On Wednesday, Meta unveiled the new V-Jepa 2 AI model, a “world model” designed to allow AI agents to understand the world around them.
The V-JEPA 2 is an extension of the V-JEPA model released by Meta last year, and was trained on over a million hours of video. This training data will help robots or other AI agents work in the physical world, and will help you understand and predict how concepts like gravity will affect what happens next.
These are the types of common sense connections that little children and animals create as their brains develop.

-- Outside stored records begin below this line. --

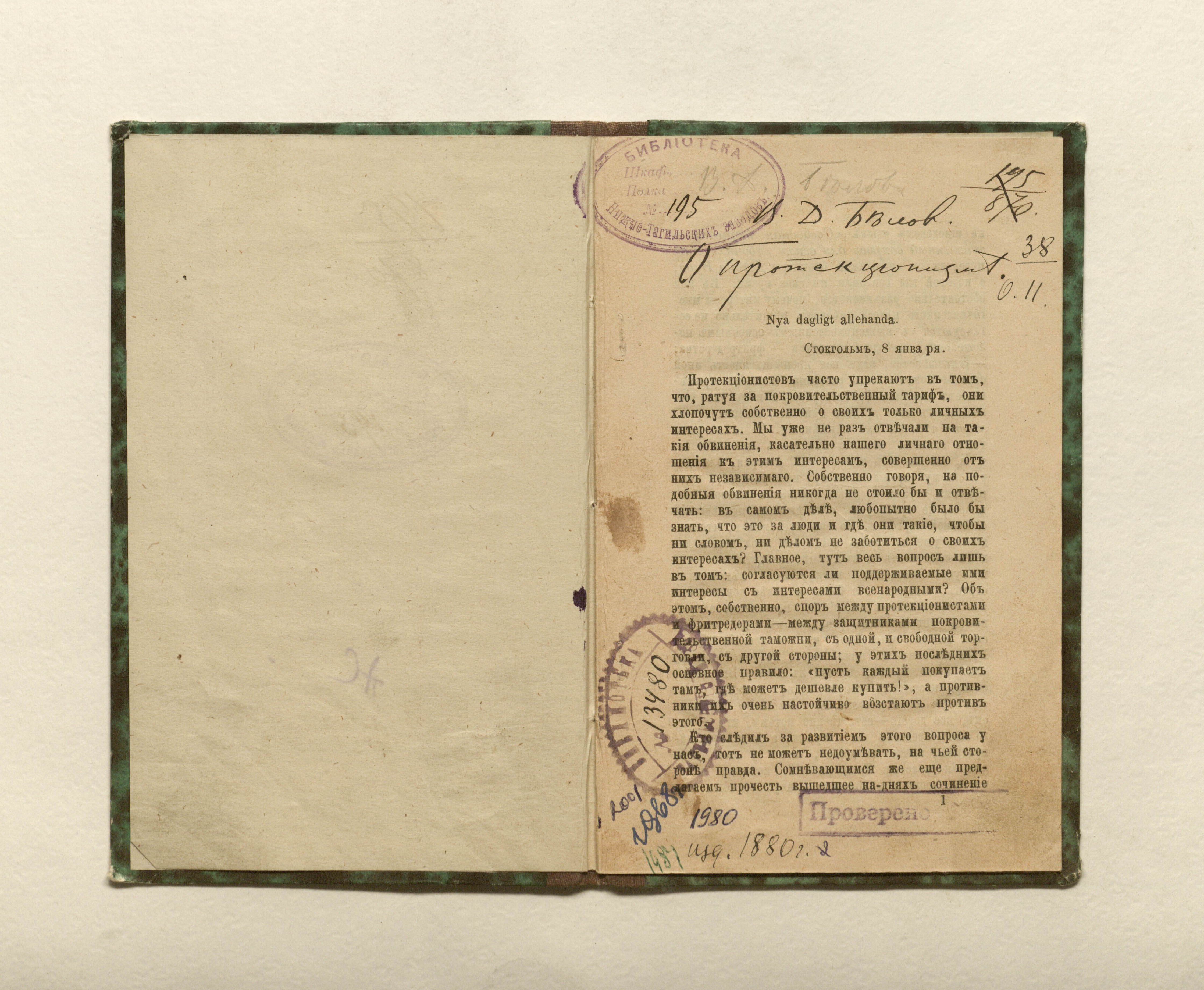 Белов, Василий Дмитриевич. О протекционизме / В. Д. Белов. — Санкт-Петербург : [б. и.], 1880. — 16 с. ; 17,5х11 см.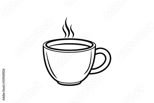 Line art design of a classic coffee mug with steam rising above.eps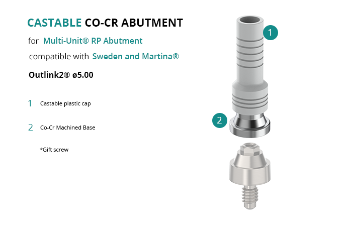 GT-Medical's castable Co-Cr abutment is compatible with Outlink2® Ø5.00 implants from Sweden and Martina®, ensuring a solid base for the prosthetic structure and guaranteeing an optimal fit with the Multi-Unit® RP Abutment. It is made up of a machined Cobalt Chrome base and a castable plastic cap.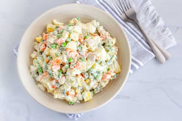 Russian Salad is a cold, creamy dish made with fruits, boiled vegetables, and mayonnaise, served as a party favourite starter or side.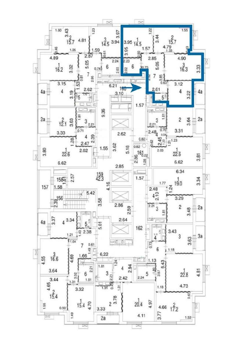 На этаже 8 квартир. Четыре лифта, работают бесперебойно.

For example, when fetching with a dog, the dog will understand how to rebound upwards by bouncing the ball back onto the ground, or how to run towards where the ball lands.
Meta shows examples where a robot could face a robot, for example, holding a plate and spatula and walking towards a stove with cooked eggs. AI can predict that the next action is to use a spatula to move the eggs to the plate:
According to Meta, the V-Jepa 2 is 30 times faster than Nvidia’s Cosmos model. This seeks to strengthen intelligence related to the physical world. However, it is possible that Meta is evaluating its own model according to a different benchmark from NVIDIA.
“We believe that world models will lead a new era of robotics, allowing real-world AI agents to assist with chores and physical tasks without the need for astronomical amounts of robot training data,” explained Yann Lecun, chief AI scientist at Meta, in a video.